SAVING LARGE MAMMALS

Our large vertebrates like tigers, elephants, lion tailed macaques, king cobras, great hornbills, great Indian bustards are all flagship species of our bio-diversity.  They represent and indicate the quality of our natural landscapes.  These apex indicator species are like warning lamps that indicate how healthy natural landscapes continue to remain in the face of our onslaught.  Their survival is as useful to us as the oil-pressure lamp on the dashboard of a car or the battery life indicator on a laptop computer. 

   

Some forms of biodiversity (soil bacteria, fungi, crows, rats, jackals) can survive on intensively human dominated landscapes.  Other forms of biodiversity may need more natural landscapes to survive but can still withstand intensive disturbances (wild pigs, toddy cats).  But preserving viable populations, communities and landscapes of apex species is the key to saving critical eco-systems.

These large bodied indicator species need large tracts of well-protected habitats for their survival in terms of their diet and home ranges.  Their sheer size demands greater amounts and variety of food and these animals therefore need to traverse larger home ranges.  For example jackals are known to subsist right in the heart of Bangalore city feeding on smaller prey like rats, birds and also on garbage dumps.  But an adult elephant whose home range spreads over 26,500 ha (Desai 1991) will not survive even in small-protected forests, let alone Bangalore city. 
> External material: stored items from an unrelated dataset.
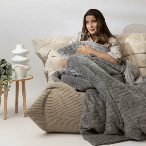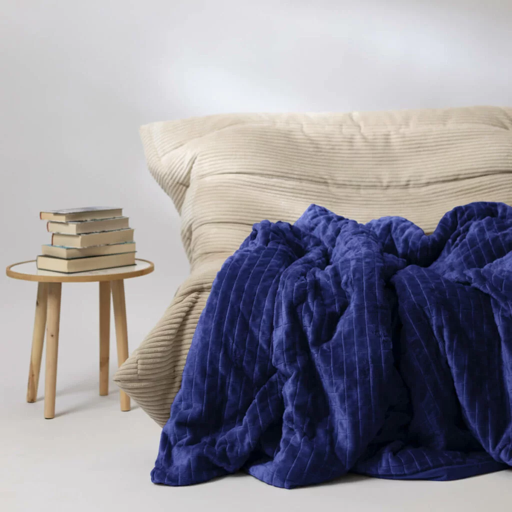 Obciążenie zapewnia przyjemne i pielęgnujące uczucie dobrego samopoczucia. Nacisk kołdry jest równomiernie rozłożony na całym ciele. Możesz teraz spokojnie zasnąć lub usiąść cicho i relaksować się na kanapie. Kołdra sprawia, że
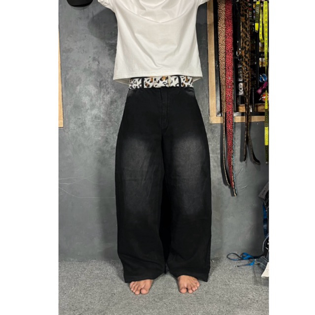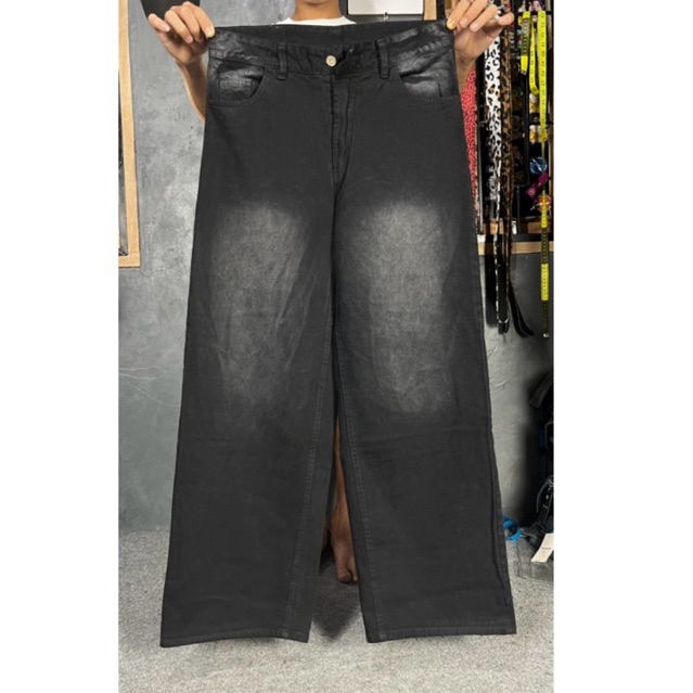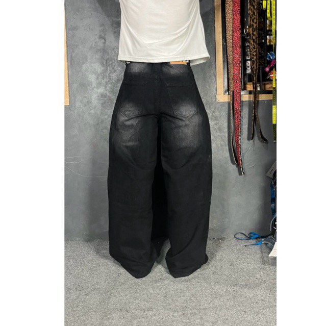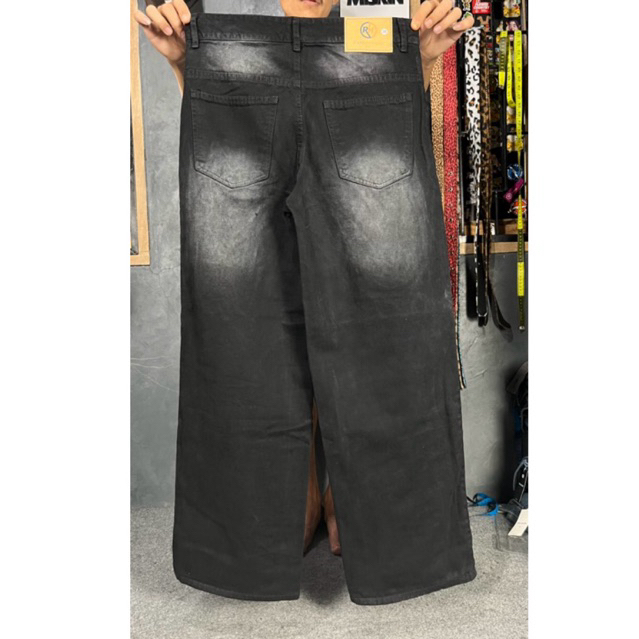RH Baggy Loose Jeans Pria Black Spray Size 28-34 bahan Jeans Gray Gramasi 13,3 ozz tebal enak pakai
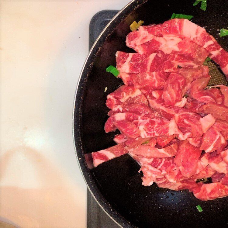 1.ニンニク・長ねぎを炒め、香りがしたら豚肉を塩コショウして炒める

A carnivorous diet further accentuates this need for wide ranging behavior among large vertebrates.  To survive and reproduce, a single tiger may need a prey base of about 400 deer-sized animals (Karanth 1998) in a year.  A home range supporting such a prey base may extend to over 15 to 500 square kilometers, depending on prey density. 

Landscape species like elephants and tigers, therefore, live at relatively low densities.  To ensure survival and reproduction of these niche specialist species relatively extensive, undisturbed landscapes are needed.  Not all extinction-prone species are large, wide-ranging or carnivorous.  Many occupy narrowly defined ecological niches.  The lion tailed macaques and great hornbills of the Western Ghats have critical needs for food obtained from rainforest trees or lianas, and they shelter in old growth tall timber.  These niche specialist wildlife cannot shift their ranges elsewhere.  So, these landscape, flagship, large bodied species are ideal barometers to analyze the problems and success of ‘wildlife conservation’.